* _DATASET EXCERPT_
--- --- ---
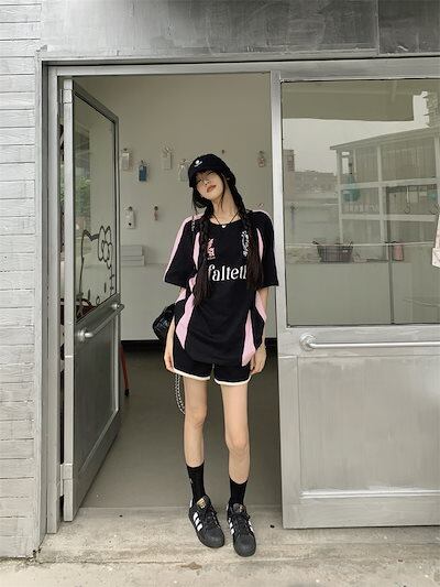 2024 夏 韓国 甘い 可愛い風トップス Tシャツ ファッション系半袖スリムフィットサイドペイントシルエットゆったり丈 休日レディースサイズ韓国Vネック おしゃれカジュアルメンズライク T
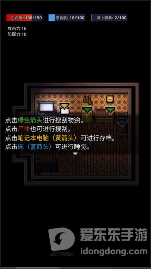 6.黄色箭头可以进行存档,绿色箭头进行搜刮物资,蓝色箭头进行睡觉补充饱食度,并且尸体也能进行搜刮
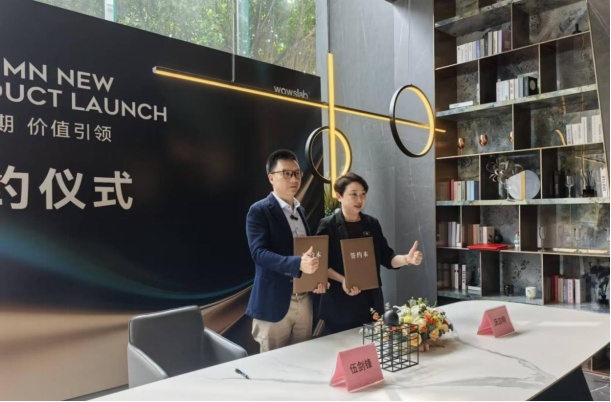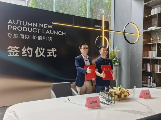本次发布会的两大签约仪式,成为华岩品致布局未来的重要见证。伍剑锋董事长先是与汤洁明总经理共同签署总部展厅扩容协议,他表示:“展厅扩容是品牌实力提升的直接体现,未来将为客户呈现更完整、更专业的岩板空间解决方案。”
--- --- ---
* _WORK ITEM_
Only the pictures are to be left out; repeat all other material exactly.

* _ANSWER TO THE PROBLEM_
 2024 夏 韓国 甘い 可愛い風トップス Tシャツ ファッション系半袖スリムフィットサイドペイントシルエットゆったり丈 休日レディースサイズ韓国Vネック おしゃれカジュアルメンズライク T
 6.黄色箭头可以进行存档,绿色箭头进行搜刮物资,蓝色箭头进行睡觉补充饱食度,并且尸体也能进行搜刮
本次发布会的两大签约仪式,成为华岩品致布局未来的重要见证。伍剑锋董事长先是与汤洁明总经理共同签署总部展厅扩容协议,他表示:“展厅扩容是品牌实力提升的直接体现,未来将为客户呈现更完整、更专业的岩板空间解决方案。”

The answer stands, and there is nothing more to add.